Process instances represent a coherent process flow. Each process includes several process steps . An activity, such as accepting the goods in goods receipt or storing them in the pallet warehouse, represents such a process step. The PM relates these activities to one another. The activities can be identified for each process instance using an identifying feature. Such an ID can be the order number, for example. A process instance is ideally self-sufficient and not fully or partially involved in other process instances. In practice, there are special cases in which individual process instances are merged or divided. An example from warehouse logistics: Picking can only take a subset of the items from a storage unit, or a delivered pallet can be divided into several storage units. The storage unit is involved in several picks, as Table 2 shows. The process instances are, therefore, only self-sufficient if one process instance is created per line from Table 2 and the movements from Table 1 are duplicated per process instance.
How is Process Mining done?
Event logs are generated when the data is available as an export or the system access for data extraction is ready. These represent the starting point of PM and include events in the form of activities of the process instances . The effort to generate such an event log varies greatly with the type of data model. The tables are already very well structured in the example of goods movements. This only sometimes has to be the case, but it depends on the existing system and the question being considered. If a workflow management system is used, it is often possible to export an event log directly. If, on the other hand, the data is in different information systems and files, the effort is greater – especially if the times need to be clarified. A supposed event is often made up of several systems, so it is advisable to subdivide it into events for the individual systems.
Most standard tools require at least the following structure of an event log:
- Case ID – The process instance is provided with a unique ID. This is often assigned by the algorithm that creates the event log.
- Activity – The activity that is performed in this process step.

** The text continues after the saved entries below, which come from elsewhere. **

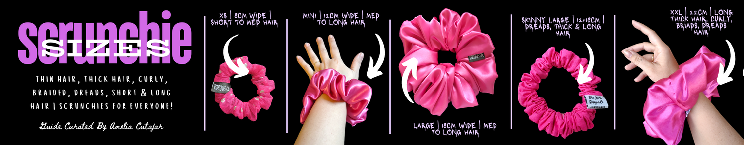2. We are the only small business that offer 6 different scrunchie sizes including SX (8cm), MINI (12cm), Large (18cm), Large Skinny (12-16cm), XXL (22cm), Dreads XXL (15cm).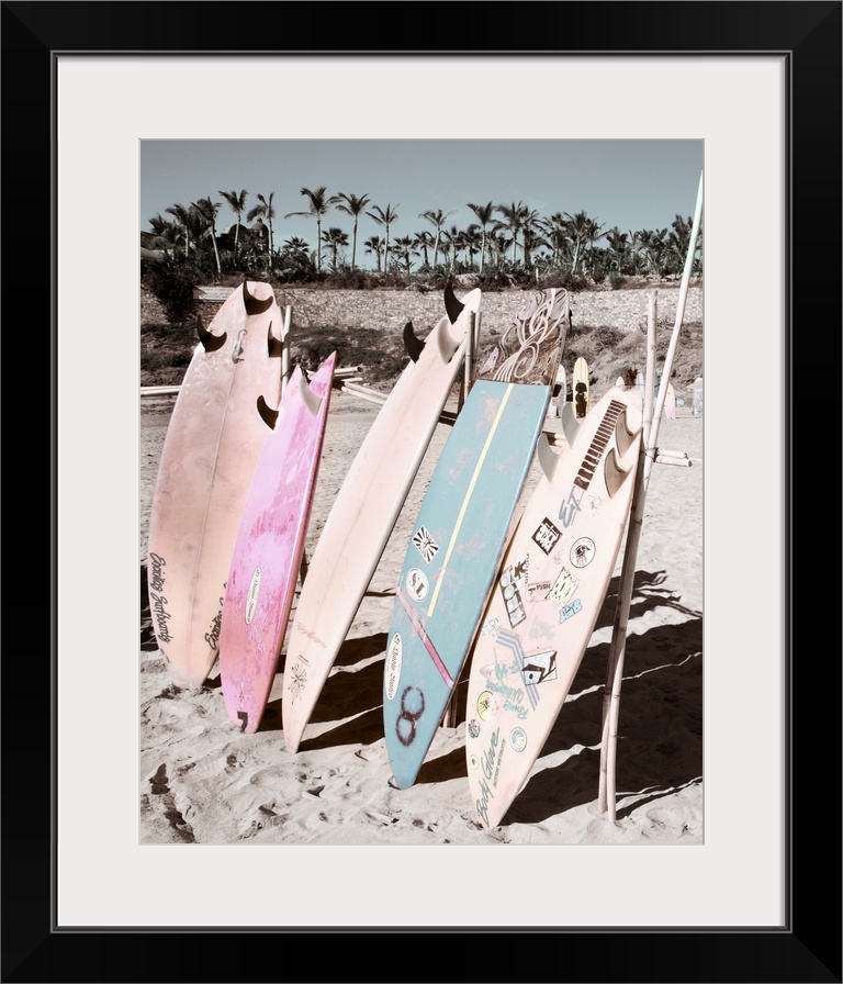 <p>Mexico, Baja California Sur, Cerritos Beach. Surfboards on the beach.</p>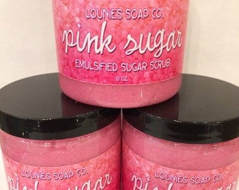 Three jars of pink sugar scrub from Louies Soap Co. are stacked on top of each other. The jars have a black lid and are filled with a pink sugar scrub. The label on the jars reads 'PINK SUGAR' and 'EMULSIFIED SUGAR SCRUB'. The jars are placed on a surface with a white background. | Pink Sugar Sugar Scrub | 40dd7ba8c402e91d770f6fac584f10c9a0412282cccc1d4a55e5a18212646dfe | 000720959026 | 0 | 0 | 54 | 4 | 0 | 0 | |
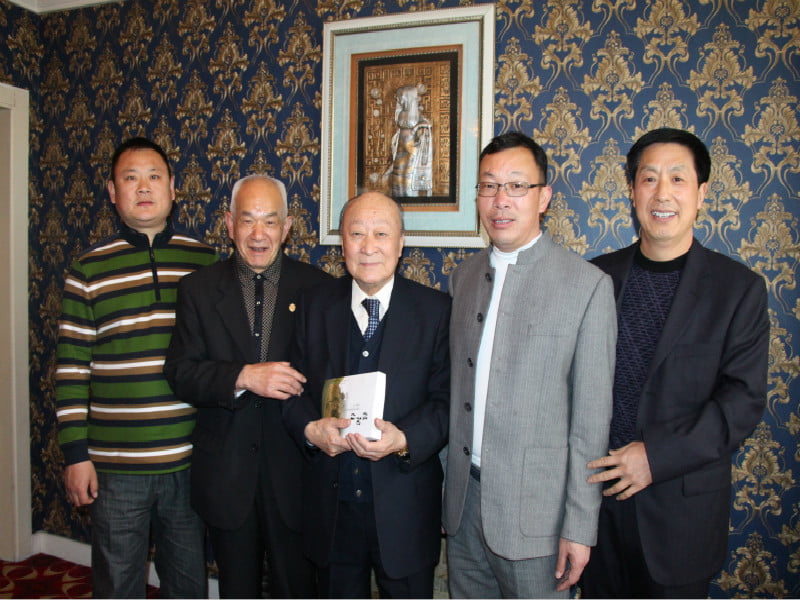 92歲高齡的世界孔子聯誼總會會長孔德墉(左三)與出席曲阜祭孔大會的信陽籍代表合影留念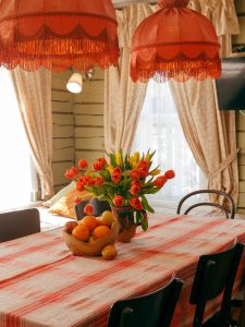 Изба с виду кажется небольшой, но внутри довольно просторная. Она рассчитана на десять человек — по числу спальных мест. В четырех отдельных комнатах стоят по две высокие кровати, еще две — в гостиной. Хлопковое постельное белье и узорчатые покрывала на них дополняют дизайн дома, а расположенная рядом печь приятно греет. В интерьер лаконично вписываются старинный комод, в котором женщины, по традиции, хранили приданое, антикварное зеркало почти в полный рост, сервант с аккуратно выполненным сервизом и изящный столик на высоких ножках — на него можно поставить вазу с еловыми веточками зимой или цветами в теплое время года. Здесь же, в общей комнате, находится большой стол, покрытый плотной скатертью. За ним удобно не только обедать, но и расположиться с настольными играми — их привозите с собой. Пол в гостиной устлан стилизованными под старину половиками, окна украшают шторы с подхватом, а под потолком — абажуры из красной ткани, приглушающие свет.
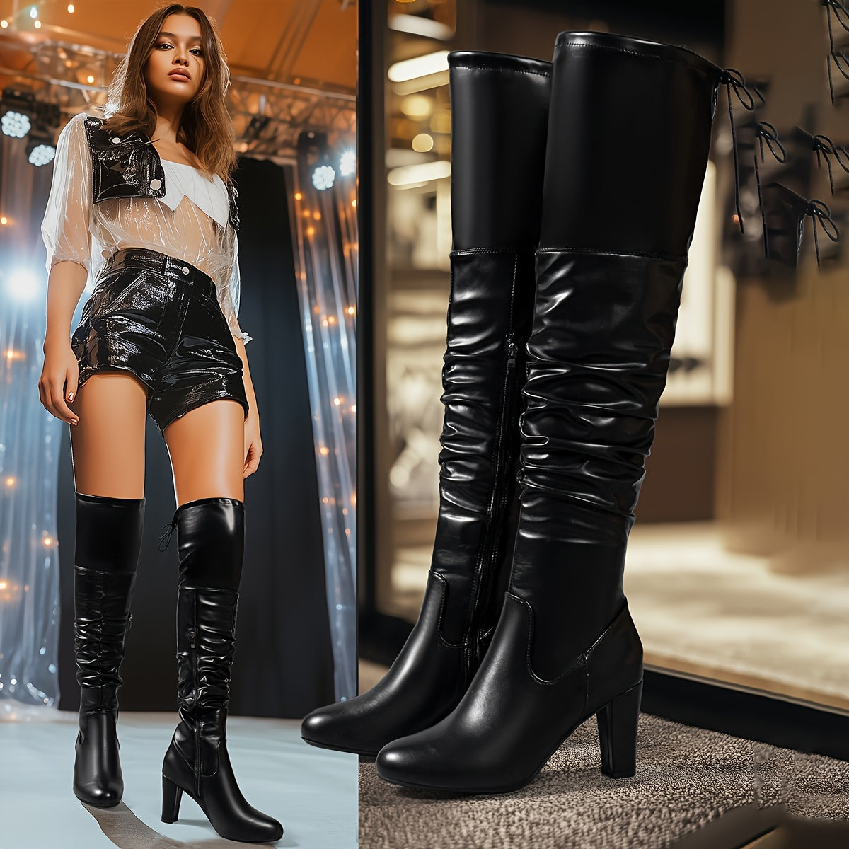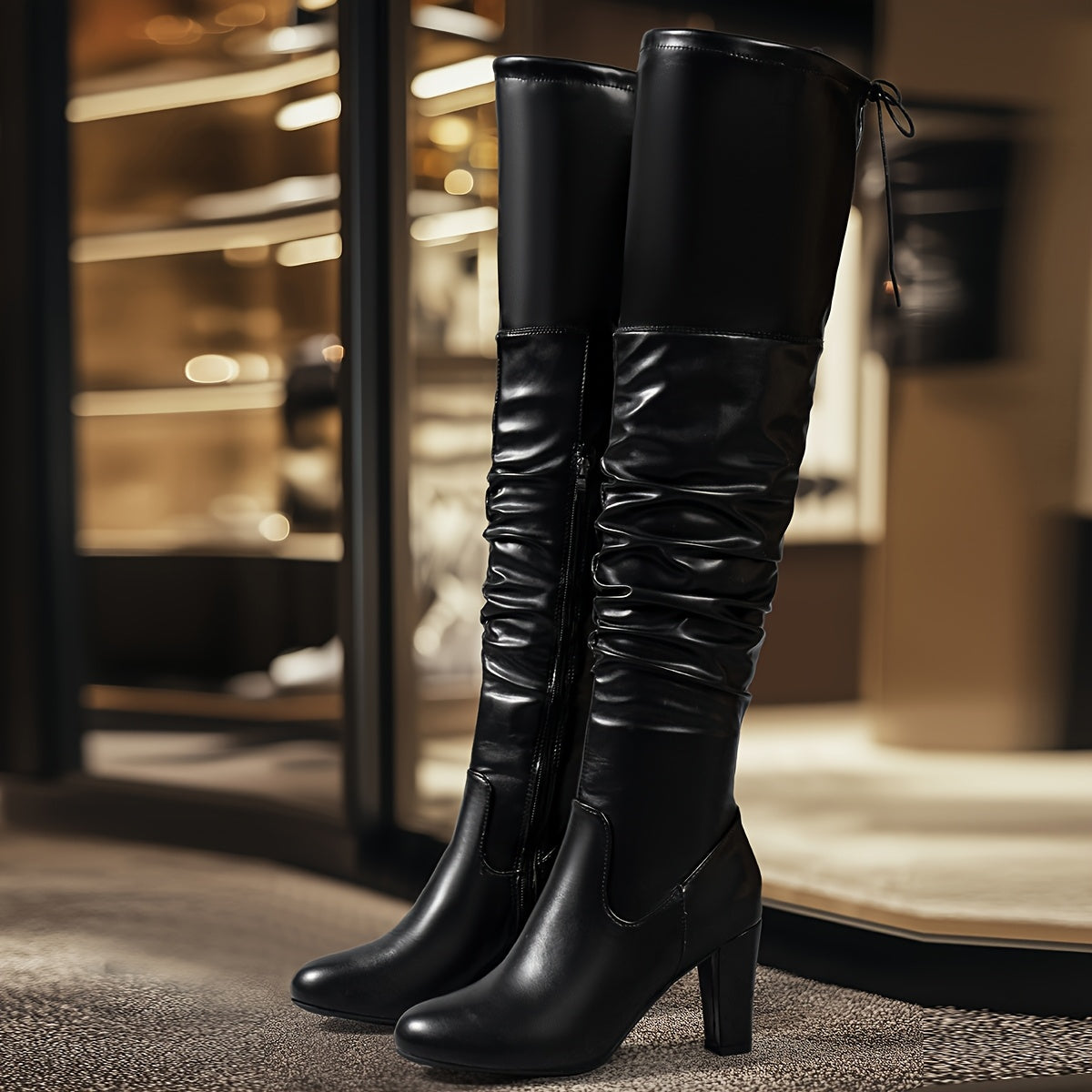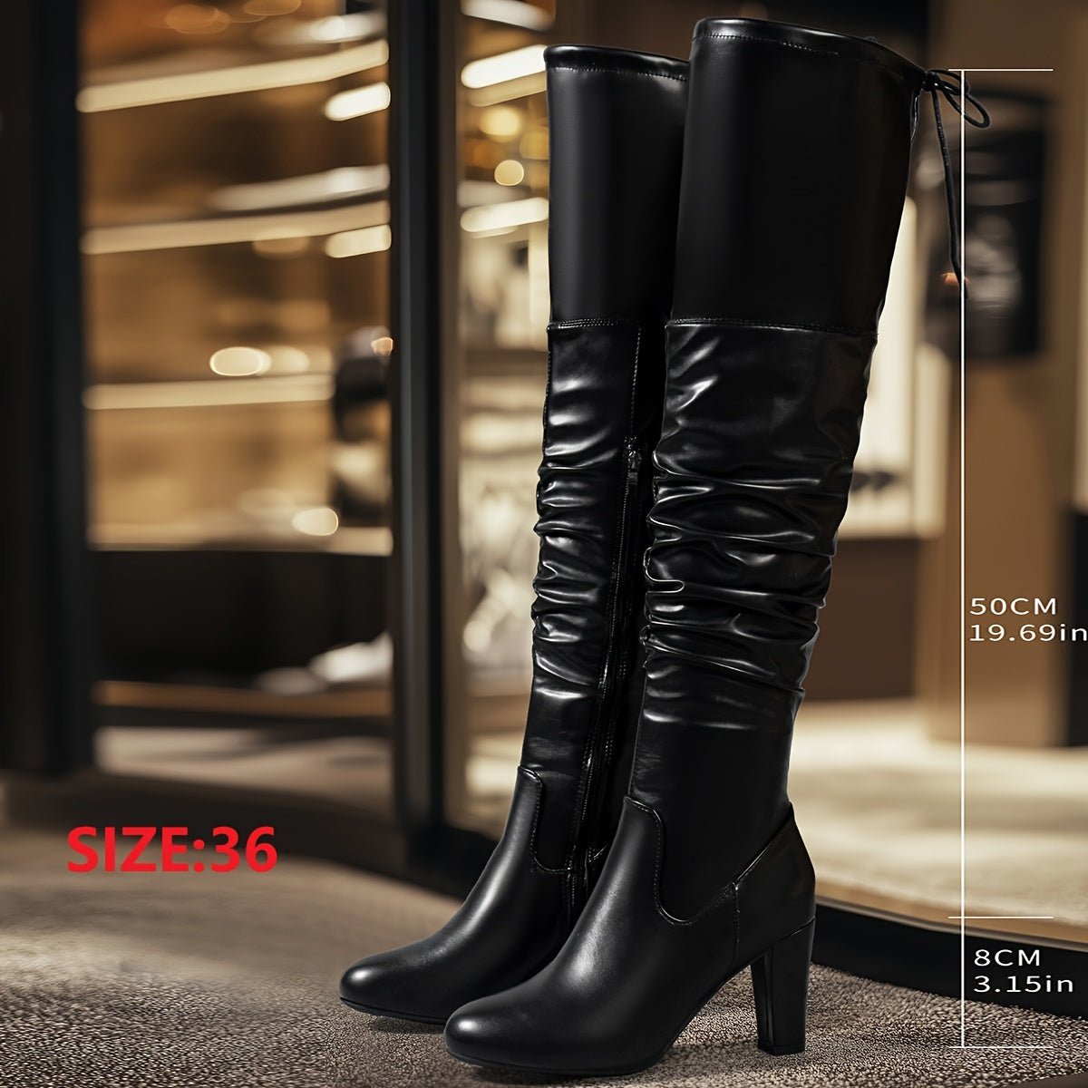 Ayollar uchun o'rtacha yuqori qadamli botlar, bir rangli, bodom barmoqli, blok poyabzal

For example, picking articles from a storage unit above into an order item.
- Time – The time the event ran.
In addition to these three fields, saving other key figures per activity is advisable. These include, for example, the users, the information system or the crowd. If you want to look at the time that has passed between the individual activities and how long an event lasted, you can work with the start and end times. Which data is considered depends on the questions defined in step 1. This is the data basis for further analysis and is usually presented as a table of structured data – this offers opportunities for descriptive statistics or the use of artificial intelligence.
Results are now showing. The structured process data (the event log) can be analyzed with free applications. The basic functionality of these tools is process discovery, i.e., the detection of process flows in event logs or system data. The graphical representation as a process model provides a common basis for communicating with eye-level domain experts. They give tips for improvements, eliminate possible errors and will certainly be surprised by some details – process sequences you would not have expected – or explain hidden process knowledge. There is usually a lot of feedback for data preparation in this phase. In addition, the analysts are given questions from the departments. There is a cycle of knowledge.
Automate Insight Generation
A dashboard of the most important key figures of the processes is one way to establish the results achieved in the company. Process mining goes much further. The identification of process deviations can be automated by anomaly detection. Another approach is using machine learning to answer forecasts on domain-specific questions. Using Explainable AI (XAI), the model’s decisions can be analyzed and causes identified. Both approaches are based on the data prepared as an event log.
To gain automated knowledge, automating the following preprocessing steps is necessary. The data generated can be used for forecasting and anomaly detection.